И то ли Санта, то ли дядя Сэм –
но почему-то помню и сегодня:
в коробке были пудинги и джем,
и тот медведь – подарком новогодним.

Всё это пыль, а может быть, пыльца –
щебечет город, с виду всё обычно,
но нет наличных у Петродворца,
и нет их у обветренной Наличной,
и не спасала мира красота –
от нынешнего века и до оных,
и слушали окружные места,
как петухи горланят на балконах, –
они кричали, празднуя рассвет, –
и не было ни фраз, ни междометий –
но было ясно: денег в доме нет,
но в этом доме есть, наверно, дети.
Здесь Питер – не Спитак, не Карабах,
и нет войны, и, вроде, всё в ажуре,
вот только в голодающих «столбах»
машина скорой помощи дежурит.

И не предвидит кинодраматург,
что где-нибудь за Невскою заставой
появится «бандитский Петербург»
с раскольниковской темой «тварь» и «право».
Ещё не видно, что случится тут,
где грезят  о любви к Прекрасной Даме,
но дюжины апостолов идут –
за новыми вихрастыми снегами...

               3
И где-то смеются, и где-то дерутся –
ни те, ни другие, наверно, не плохи.
Но снова скрипит колыбель революций,
качая младенчество новой эпохи.

               4
О городе, о блоковских снегах,
о гении, спасавшемся абсентом,
и женщине с красивейшим акцентом –
я в ней будила память о врагах.

О времени, конечно, – не о нас, –
где веку, словно псу, зубами клацать,
о том, как бьют часы – двенадцать раз.
Какая цифра вещая – «двенадцать».

Ну а пока о чём-то диктор врёт,
и по утрам привычны булка с кофе,
и праздничные сосны в Петергофе
встречают девяносто первый год.

               5
Здесь память хранится, как будто в мотках киноленты,
не твой и не мой это город – навеки ничей.
И вряд ли игривость аи или рюмка абсента
помогут нам быть откровенными до мелочей.

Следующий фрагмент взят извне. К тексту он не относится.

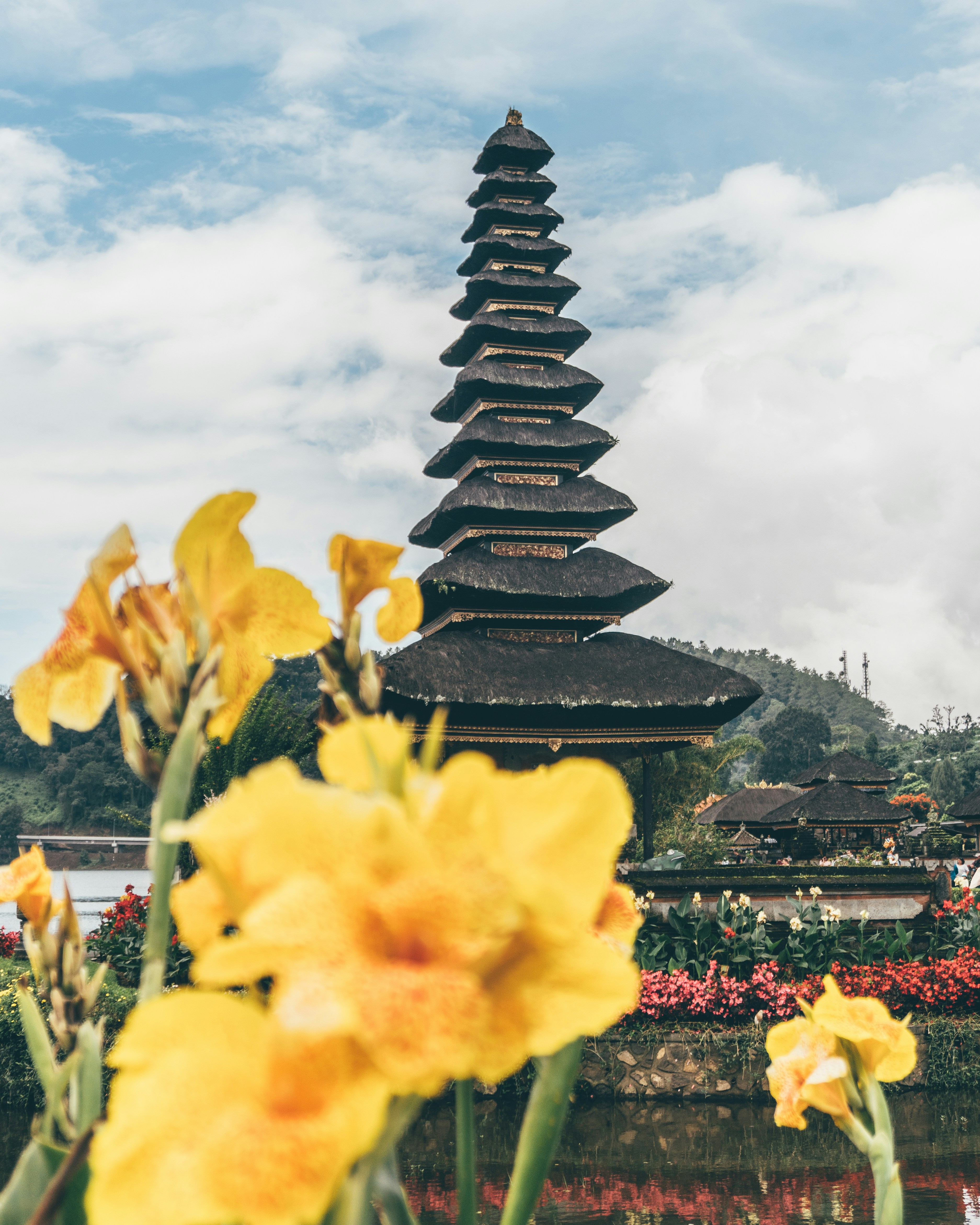 灰色のコンクリート タワーの前の黄色い花の写真 Unsplashで見つけるバリの無料写真

Смотри, Александр, незнакомка сегодня не в духе.
И «Пани Валевска» сюжета не сможет спасти.
Давай – на двоих – посреди кутежа и разрухи –
всю ночь – до рассвета, ну, скажем, часов до шести.

Я буду устало пьянеть – за страницей страница,
а ты – наливай этих страшных пронзительных слов.
Тебе – к сорока, мне – однажды исполнится тридцать,
и тот же январь воровато глядит из углов.

Прости, что на «ты» – разговора никто не услышит,
а ближе тебя мне сейчас никого не найти…
Но поздний рассвет проявляет далёкие крыши,
и надо бежать к электричке к восьми двадцати.

               6
А Спас на Крови за лесами скрывает величие,
и в пене снегов, ни в чём никого не виня,
два всадника – врозь – державно хранят безразличие
среди новостей и памяти нового дня.

               7
Размытый пейзаж, как зеркало этого города, –
Моне не солжёт, когда упадёт высота
оплывами туч. И время устраивать проводы –
прощаться с теплом – в тепле, на мосту – у холста.

Импрессионизм – пусть имя помпезно и вычурно,
но правда мазка искупит и слово, и спесь,
и Темза с Невой сегодня не царственней Вычегды,
как сёстры Сестры, прохладно струящейся здесь.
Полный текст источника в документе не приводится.